Records shown section start

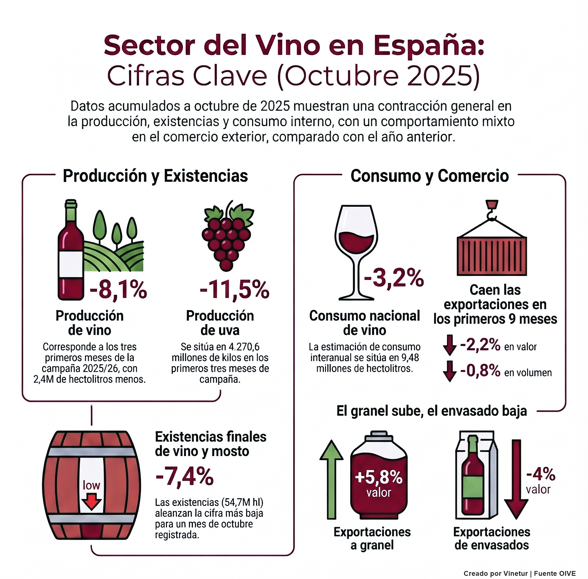En el comercio exterior se observa una paradoja: aunque las exportaciones aumentan puntualmente al inicio de campaña por la demanda internacional tras una vendimia corta europea generalizada, el valor total exportado cae debido al peso creciente del granel frente al vino embotellado. Esta tendencia puede afectar negativamente al posicionamiento internacional del vino español si no se recupera el valor añadido.
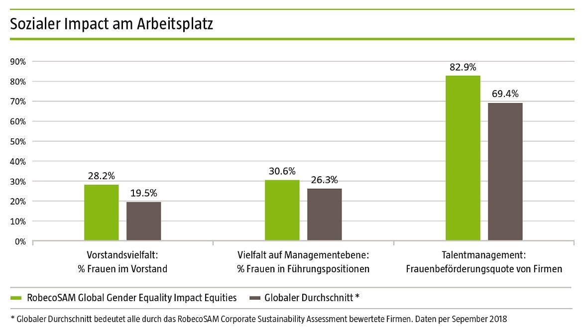 Durch die Auswahl von Unternehmen mit vorbildlichen Praktiken der Gleichberechtigung kann die RobecoSAM Global Gender Equality Impact Equities Strategie potenziell bedeutende Mehrerträge generieren. Als Investor ist RobecoSAM überzeugt, dass Unternehmen, die ihre besten Mitarbeitenden – männliche sowie weibliche – halten können und damit als attraktive Arbeitgeber wahrgenommen werden, Zugang zu einem grösseren Talentpool haben und deshalb mit einer grösseren Wahrscheinlichkeit überdurchschnittliche Wertzuwächse erzielen können. (RobecoSAM/mc/ps)
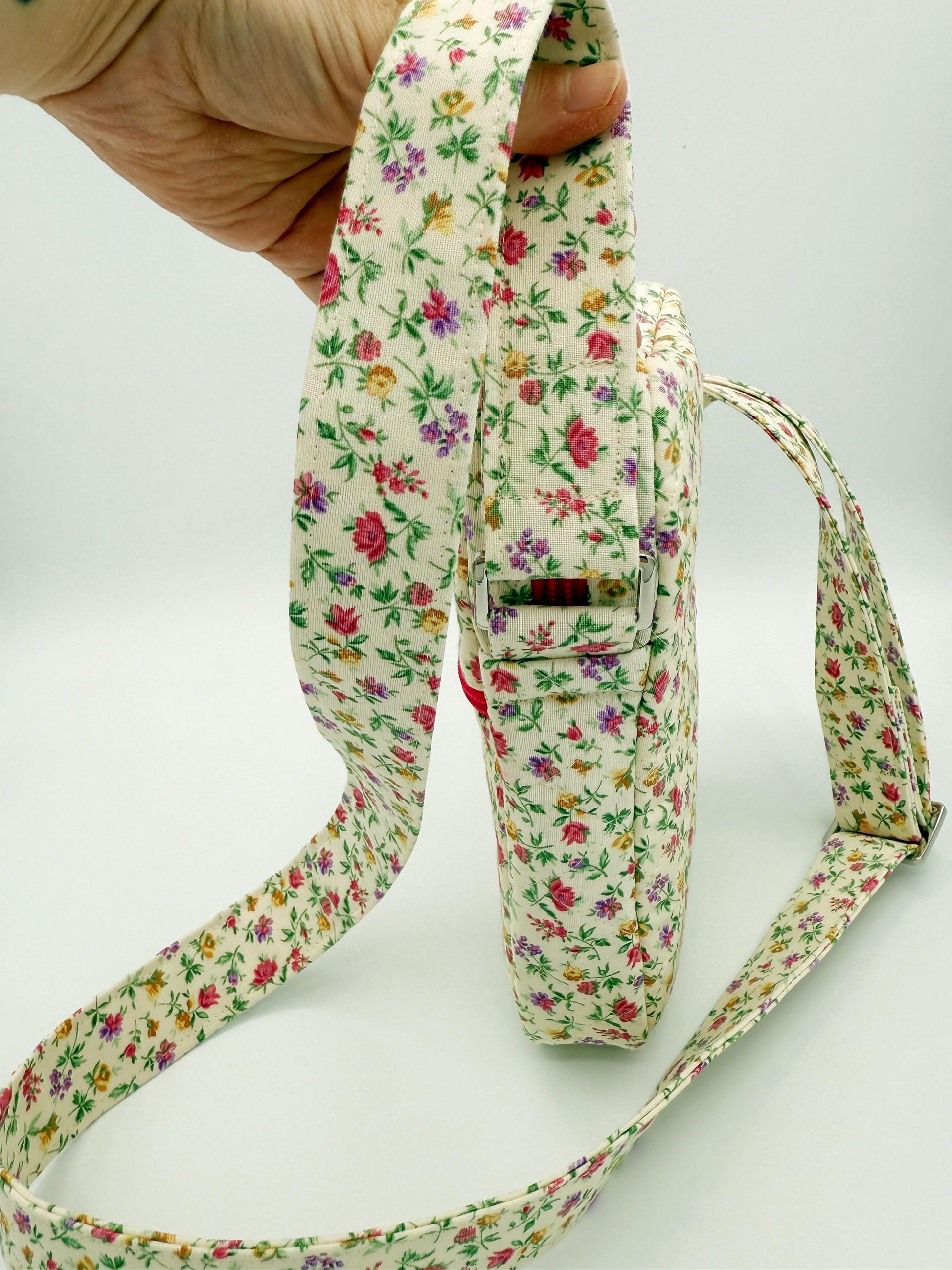This trendy quilted handmade bag is made out of 100% cotton fabrics. On the outside I used a beautiful ivory fabric that has a vintage style pink and purple floral print. Inside I used a solid tan fabric. Bag is super soft because I also used 100% cotton batting when quilting it. Adjustable strap so you can wear it how you wish. There's also a small zipper pocket on the front and main compartment has a matching zipper closure as well.
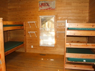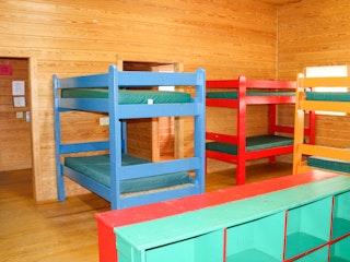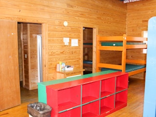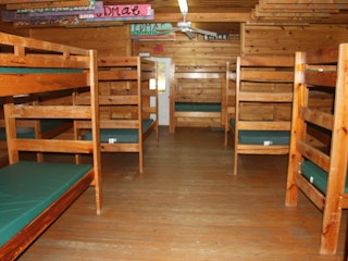 One large building that contains 5 cabins. Each cabin holds up to 18 people and there are 2 bathrooms and showers inside each one. The Lodge can accommodate 90 people. The lodge also has its own kitchen facility.
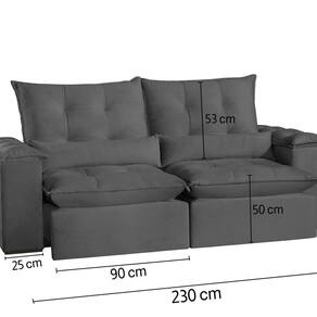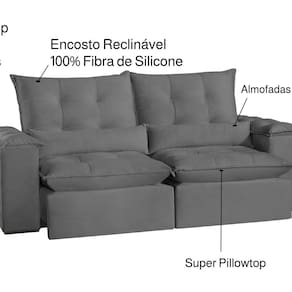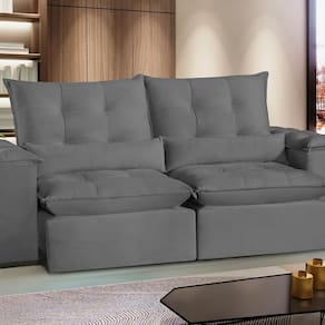 Sofá San Paulo Retrátil e Reclinável - Assento com Molas – 230 cm Veludo Cinza Cinza

Records shown section end

> Brief: A word-for-word copy is needed of the lines from the line with "This trendy quilted" through the last line of the entries above, with both ends kept and the pictures dropped.

> Expected answer:
This trendy quilted handmade bag is made out of 100% cotton fabrics. On the outside I used a beautiful ivory fabric that has a vintage style pink and purple floral print. Inside I used a solid tan fabric. Bag is super soft because I also used 100% cotton batting when quilting it. Adjustable strap so you can wear it how you wish. There's also a small zipper pocket on the front and main compartment has a matching zipper closure as well.
 One large building that contains 5 cabins. Each cabin holds up to 18 people and there are 2 bathrooms and showers inside each one. The Lodge can accommodate 90 people. The lodge also has its own kitchen facility.
 Sofá San Paulo Retrátil e Reclinável - Assento com Molas – 230 cm Veludo Cinza Cinza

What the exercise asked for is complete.